Deep dive15 min read← Back to crisp

Networking (CNI, kube-proxy, eBPF) - deep dive

Pod networking from the ground up: CNI plugin model, overlay vs underlay, AWS VPC CNI's ENI math, kube-proxy modes, NetworkPolicy enforcement, and Cilium/eBPF as the modern replacement.

Kubernetes networking is the deepest rabbit hole in the platform. The good news: the model is small. Pods get flat routable IPs, Services are virtual IPs translated by kernel rules, NetworkPolicy is enforced by your CNI. The bad news: every layer has gotchas (ENI limits on AWS, iptables rule scaling, NetworkPolicy controller differences) and the modern eBPF rewrite is changing the rules under everyone's feet.

The Kubernetes network model (revisited)

The model has three rules. They sound simple but they are constraints on every networking implementation:

All Pods can reach all Pods without NAT.
All Nodes can reach all Pods without NAT.
A Pod sees itself with the same IP others see for it.

This rules out a lot of designs. You cannot just give each Pod a Docker bridge IP - those are not routable across nodes. You need either:

Underlay routing: Pod IPs are real, routable in your infrastructure (AWS VPC CNI, Calico in BGP mode).
Overlay tunneling: Pod IPs are virtual, encapsulated in VXLAN/Geneve/IPIP packets between nodes (Flannel, Calico in overlay mode, Cilium in tunnel mode).

Underlay is faster (no encap overhead) and simpler to debug (tcpdump shows real Pod IPs). Overlay decouples from the underlying network (works on any infrastructure).

CNI: the plugin contract

The CNI specification is intentionally minimal: a binary, called with a command (ADD, DEL, CHECK), passed a JSON config on stdin, expected to print a JSON result on stdout. The kubelet calls it via the container runtime when setting up a Pod's network namespace.

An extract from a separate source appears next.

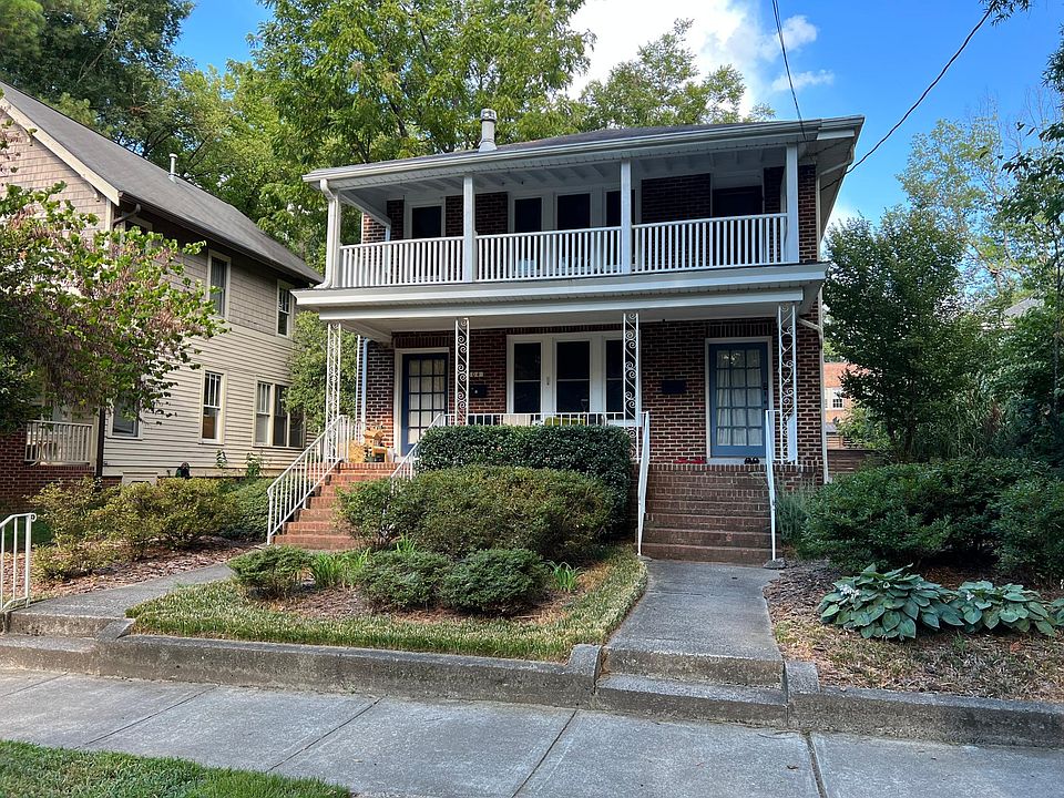 Historic apartment on the 2nd floor of a duplex next to Duke's East Campus. The unit is on a quiet residential street within walking distance of 9th Street and downtown. The apartment includes a large 2nd story covered porch, 2 bedrooms, dining room and 1 bathroom. Renter pays utilities. No smoking on the property. Street parking is available in front of the duplex. Owner manages the landscaping.

Multiple plugins can be chained (Multus): one for the primary network, others for secondary interfaces. Used for things like exposing Pods on multiple VLANs or attaching SR-IOV interfaces.

AWS VPC CNI: the EKS default

The AWS VPC CNI gives every Pod a real IP from your VPC's subnets. Pods are first-class VPC citizens - security groups can reference them, VPC flow logs see them, ELBs can target them directly. This is the underlay model done well.

The mechanism:

The CNI controller on each node attaches multiple Elastic Network Interfaces (ENIs) to the EC2 instance.
Each ENI has multiple secondary IPs.
The CNI maintains a warm pool of IPs (WARM_IP_TARGET, WARM_ENI_TARGET) so Pod creation is fast.
On ADD, it picks a free IP, creates a veth pair, moves one end into the Pod namespace, programs source-based routing.

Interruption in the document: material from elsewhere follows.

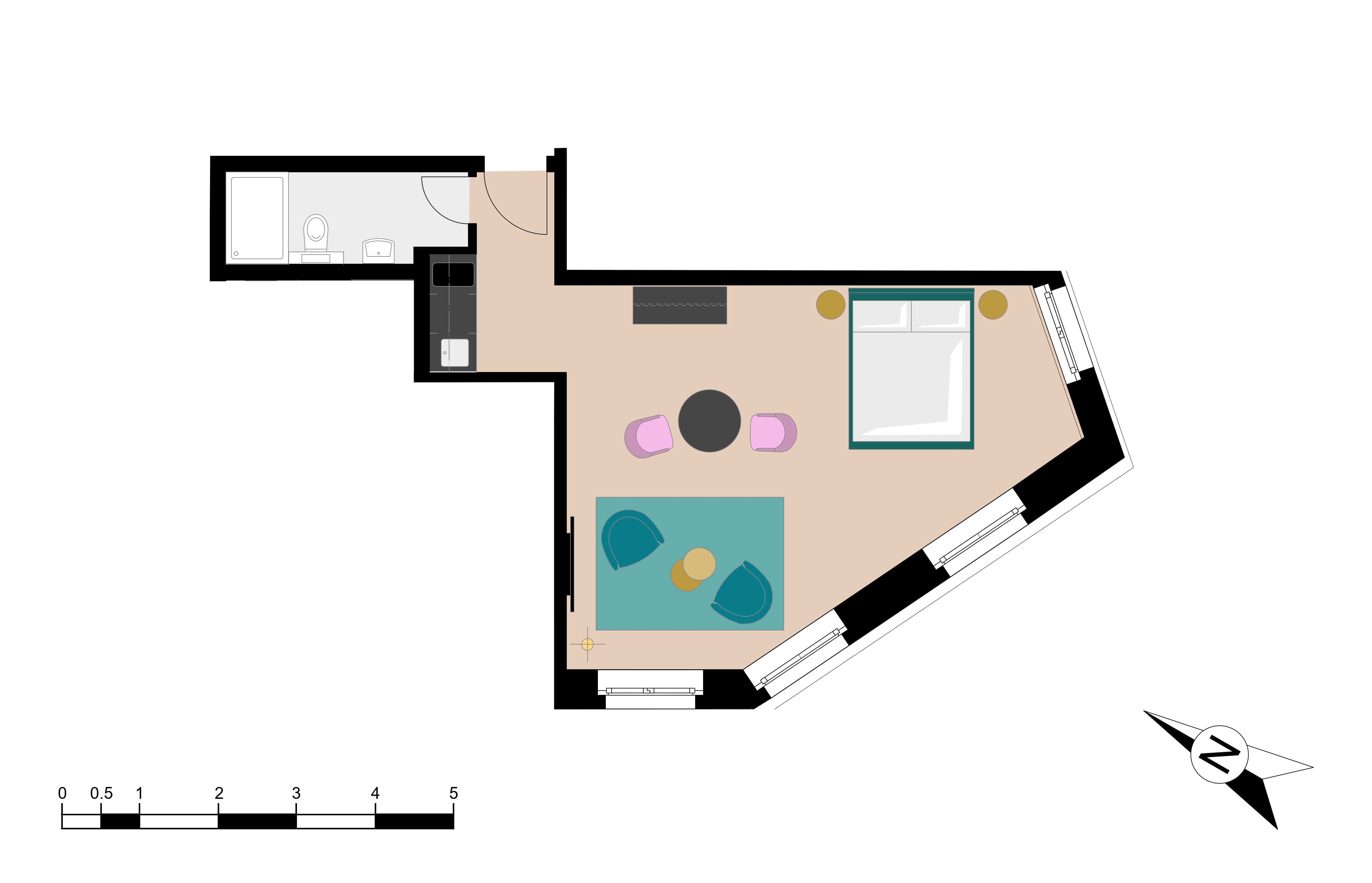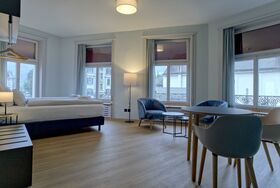 Das offene und grosszügig gestaltete Studio vereint den Schlafbereich mit dem Wohn- und Essbereich in einer harmonischen und gemütlichen Atmosphäre. Der Schlafbereich bietet ein bequemes Doppelbett (160cm x 200cm), das zu erholsamen Nächten einlädt. Der angrenzende Wohnbereich ist einladend und bietet Platz für eine kleine Sitzecke sowie einen Esstisch – ideal für entspannte Stunden. Die moderne Küche mit Kochmöglichkeit, Mikrowelle, Geschirrspüler und Nespresso Kaffeemaschine ist komplett ausgestattet und lässt keine Wünsche offen. Die Unterkunft bietet kostenlose, mitbenutzte Wäschemöglichkeiten.

The ENI/IP density problem

The number of ENIs per instance and IPs per ENI is fixed by EC2 instance type. A m5.large supports 3 ENIs * 10 IPs = 30 total IPs, minus 1 for the node = 29 Pods max. A m5.4xlarge supports 8 * 30 = 240.

If you do not know this, you hit a wall. We had a Deployment scale up, Karpenter launched m5.large nodes, the cluster ran out of IPs, new Pods went unschedulable even with plenty of CPU and memory free.

Fixes:

Prefix delegation: enable ENABLE_PREFIX_DELEGATION=true. Each ENI slot now holds a /28 prefix (16 IPs) instead of one. m5.large goes from 29 to 110 Pods.
Larger instance types: scale up to instances with higher native limits.
Custom networking: route Pod IPs from a separate subnet. Decouples Pod density from node subnet size.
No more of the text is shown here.